È proprio vero che il fuoco scalda tre volte, quando si raccoglie la legna, quando lo si accende, e quando ci si siede accanto, ma quella sera ci scaldò ben oltre le aspettative.
Le imprese, le avventure, nascono sempre così, sospinte dall’ispirazione del momento. Quell’ispirazione mista a follia e voglia di misurarsi con se stessi. Quell’ispirazione, sorretta dalla consapevolezza di non esser soli, ma di avere anzi al proprio fianco i compagni di strada che abbiamo scelto.
È questa la serie di pensieri che hanno attraversato la nostra mente, nel tempo di un lampo, prima di decidere di anticipare i tempi di marcia, ed incamminarci nei boschi dei Trebulani, ben oltre la mezzanotte. Un raid notturno fatto come si deve, con carichi leggeri, con l’occorrente per accendere un fuoco, cucinare e dormire in bivacco.

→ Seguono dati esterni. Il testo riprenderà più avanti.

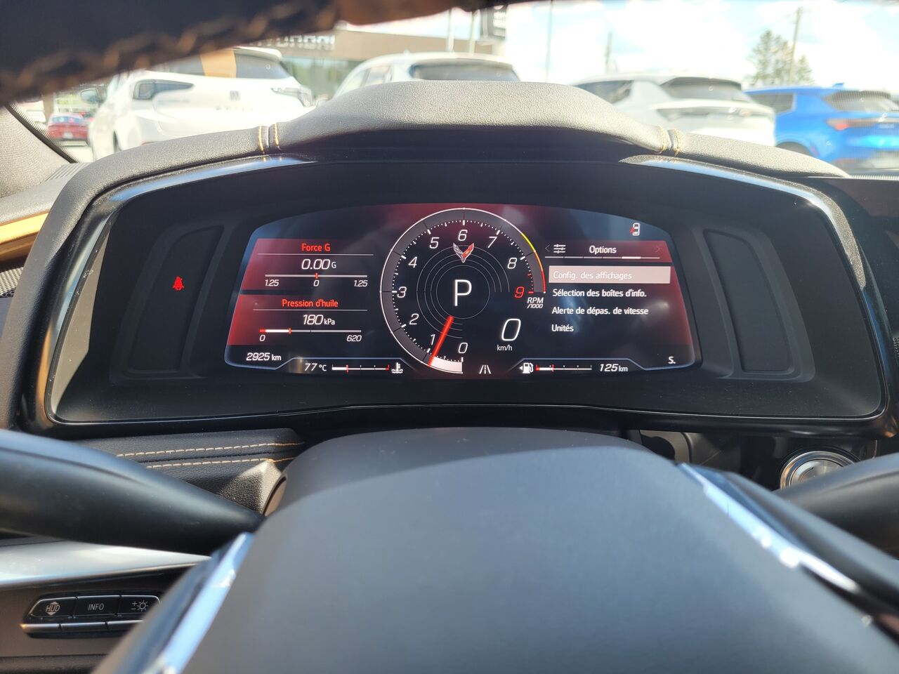 head-up display colour display with 3 modes: tour, sport, track; can display speed, gear, tach, shift lights, turn signals, bright headlamps, turn-by-turn navigation, g-metre, speed limit, lap times
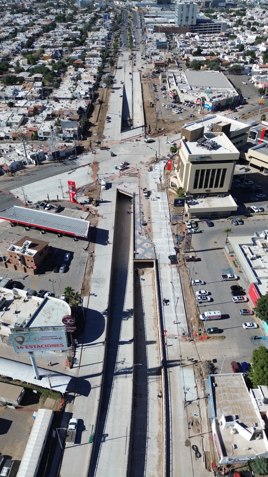 Destacó que esta obra integral con recursos municipales avanza en tiempo y forma, consolidándose como una de las intervenciones viales más importantes de la capital sonorense, al estar diseñada para mejorar el flujo de más de 74 mil vehículos que transitan diariamente por esta zona de alta demanda.
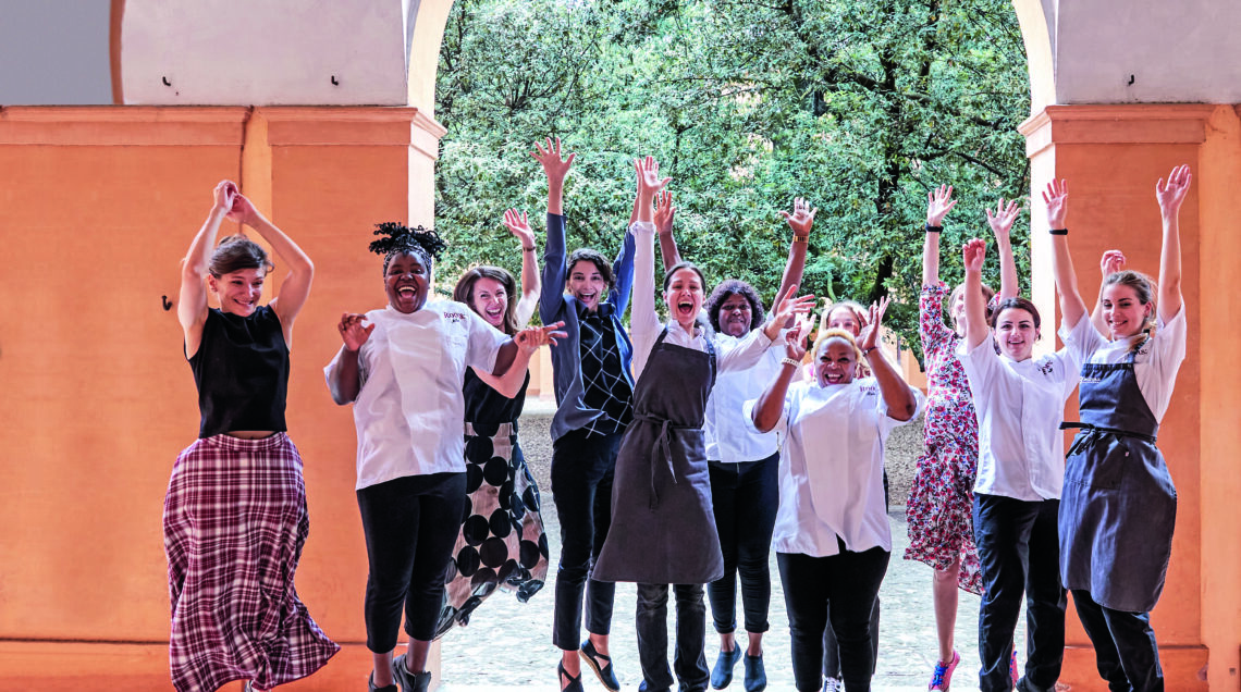 Situato in un ex monastero di origine medievale a Modena, aperto da circa un anno, il ristorante (con spazio di co-working) Roots è parte fondamentale di un programma concepito nel 2020 e portato avanti da giovani donne che insieme a Caroline e Jessica, con la stessa passione ed energia, hanno dato vita a un modello virtuoso di solidarietà che impatta positivamente sulla comunità. Coadiuvate nella selezione dai centri sociali, scelgono poche tirocinanti alla volta (qui ci sono Arjola, Kate e Juliet) per un programma di formazione culinaria professionale retribuito di 4 mesi – curato da Jessica, direttrice culinaria – che vuol dare alle ragazze sia le competenze tecniche, sia un supporto concreto all'integrazione per gestire anche il lato burocratico. Le ragazze, che devono già parlare un italiano sufficiente a farle comunicare con colleghi e clienti, imparano a muoversi in una cucina professionale. Propongono a Jessica i piatti della loro cultura gastronomica e insieme a lei preparano un menu unico di 7 piatti etnici che verranno serviti al ristorante per tutto il periodo del loro tirocinio. Il ristorante è aperto solo la sera e i piatti che arrivano al tavolo sono da condividere tra i commensali, per sottolineare l'atmosfera di accoglienza e condivisione al cuore del progetto.
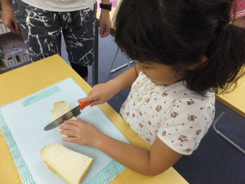 せつめいをよくきいて パンをきったら
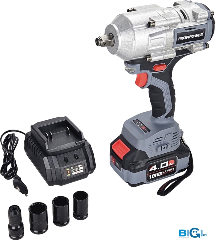 - Комплектация: - Гайковерт;- Комплект головок;- Адаптер бита;- Коробка;- Аккумулятор 1шт;- Зарядное устройство;- Инструкции с гарантийным талоном.
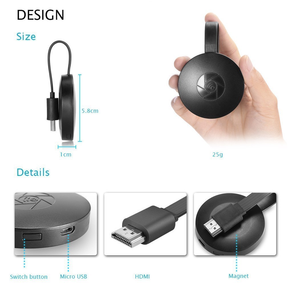 Chromecast G2 TV Streaming Wireless Miracast Google HDMI Dongle Display Adapter Pigflly
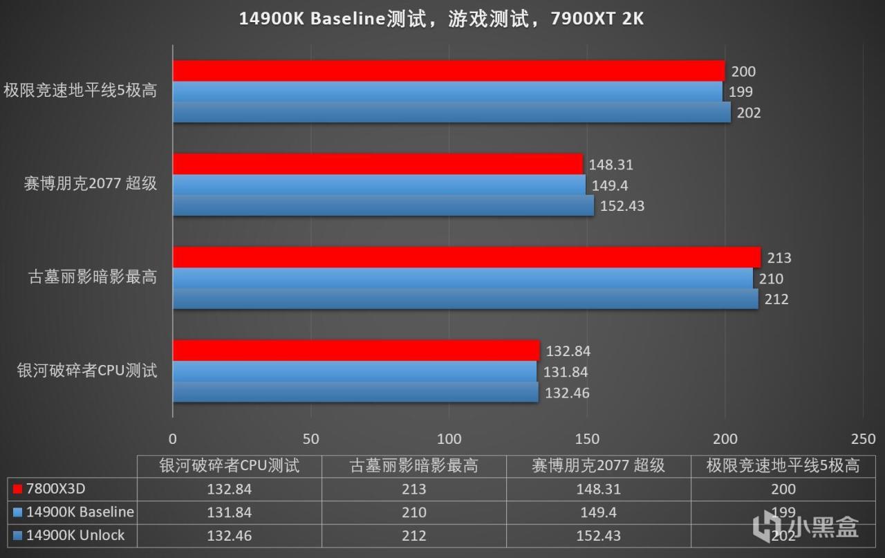 游戏成绩就非常有意思了!首先看CPU相对负载较重的2K组,本来14900K和7800X3D的游戏性能就在伯仲之间,结果这次baseline一开,彻底打不过了——要不然Intel也不会硬挤个400W的14900KS出来。
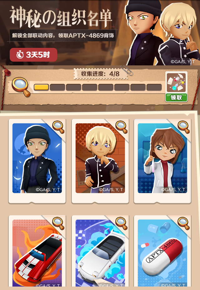 每获得一个柯南的联动角色/背饰/滑板即可解锁对应卡牌,解锁全套卡牌即可获得背饰APTX-4689。
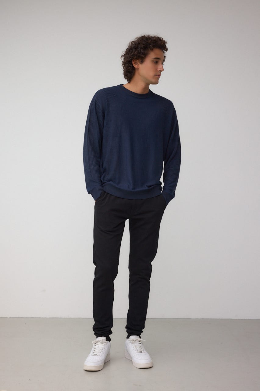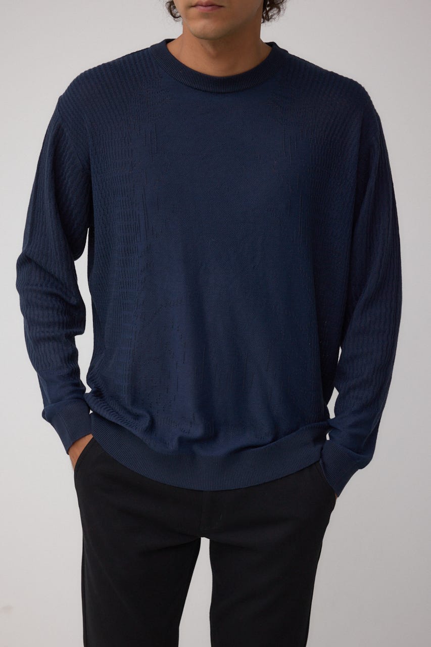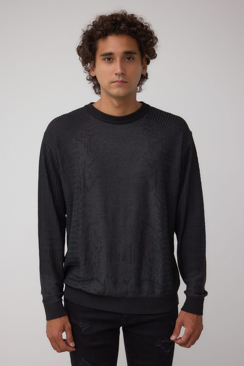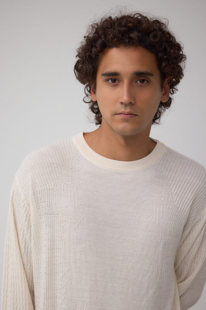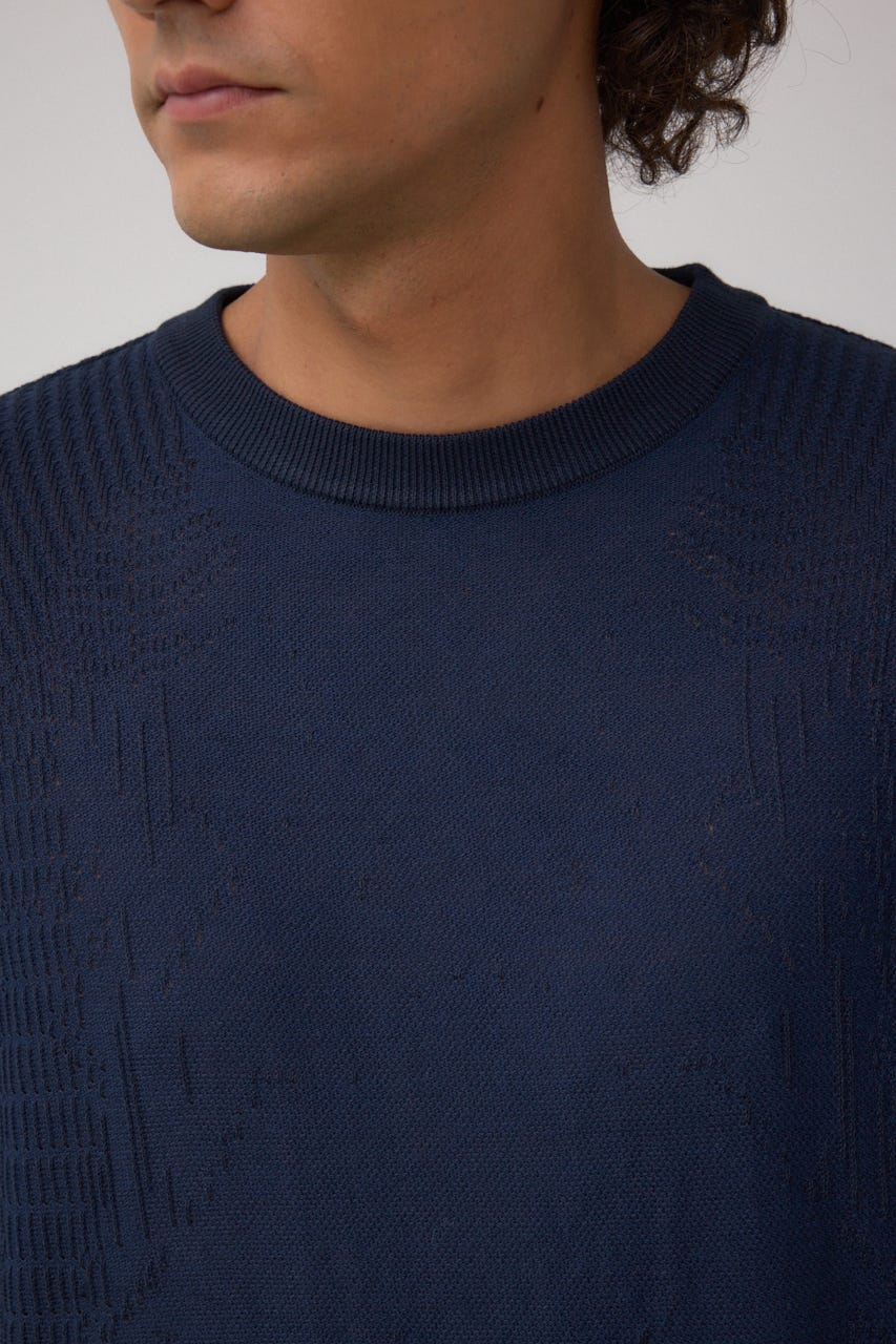 シアーニットをメンズ商品でありながら、AZULオリジナルの編み柄で表現。

Una volta nel bosco, illuminato solo dalle frontali, la risalita al rifugio dove avremo dovuto passare la notte, ha assunto forme nuove e differenti per ognuno. La suggestione, la curiostià e la sfida con le difficoltà di un terreno irregolare, che mai ha permesso di mantenere un ritmo di salita costante, con il fiato corto punzecchiato dall’aria gelida di quella notte, hanno prevalso rispetto ai pensieri che può formulare il cervello in quel momento. Quando nervi, muscoli e ossa tendono nella direzione opposta, è solo il fascino della libertà di quei luoghi che spinge le gambe e ci porta oltre. Raggiunto il rifugio, la prima cosa da fare è stato preparare un fuoco che potesse scaldarci e permetterci di mangiare per riprendere le forze, ma il meteo dei giorni scorsi non ci lasciò che un mucchio di legna bagnata, sparsa lungo i valloni che costeggiano il sentiero di risalita. È proprio vero che il fuoco scalda tre volte, quando si raccoglie la legna, quando lo si accende, e quando ci si siede accanto, ma quella sera ci scaldò ben oltre le aspettative.
Raccolta la legna che ci sarebbe servita per passare qualche ora prima dell’alba, e dopo aver lottato per scaldarla a dovere, prima di ravvivare per bene le fiamme intorno ai ciocchi, eravamo diventati già parte della natura delle cose in cui eravamo. Non si tratta di starsene seduti intorno ad un falò, ma di una predisposizione mentale che ci porta a concepire quel momento come un’avventura da giocare fino alla fine. Per quegli attimi svaniscono le logiche quotidiane e conta solo l’essenzialità di un fuoco, di un pezzo di pane, di un tetto sulla testa. È questa condizione primitiva che ci interconnette con l’ambiente che viviamo, mentre rispettiamo le sue regole.
Preparata la brace e scaldato un po’ di pane con la cena (delle 2 del mattino), abbiamo accompagnato la notte fino alla fine della sua corsa, riuscendo a riposare solo con l’arrivo lontano delle prime luci dell’alba. Al mattino seguente, dopo aver ravvivato quel che rimaneva del fuoco notturno, poiché era necessario che il calore asciugasse l’umidità dalle nostre ossa, abbiamo richiuso gli zaini e preso la giusta dose di caffè, cotto sui carboni accesi, prima di incamminarci nuovamente nel bosco.
Da qui in poi il sentiero svanisce, e quella che si segue è una traccia che si arrampica tra rocce e rovi, dalla quale si attraversano le dure risalite verso le anticime, scavallando ora a destra, ora a sinistra, le creste irregolari ed esposte. Questo bosco e queste montagne hanno un fascino incredibile. Ben lontane da ciò che uno possa aspettarsi, parlando di cime, vette e quote, i Monti Trebulani nascondono scenari stupefacenti grazie alla loro esposizione. Da preappennini, vivono isolati dalle grandi catene montuose e sormontano i borghi a valle stagliandosi sopra di essi, ed è proprio grazie a questo isolamento, che i Trebulani nascondono al loro interno l’animo selvaggio tipico delle foreste remote.
Lì in cima, dopo aver attraversato creste e due anticime, finalmente ci ritrovammo sul Pizzo San Salvatore. Un luogo oggi decadente, e che un tempo era sede di appoggio della Forestale, ma della quale non restano che un paio di baracche in lamiera, fetide e fatiscenti, che ricordano due grossi squarci fatti su una tela tipici degli ultimi trentanni di questa terra, in cui l’uomo ha plasmato il territorio senza mai imparare a farne parte.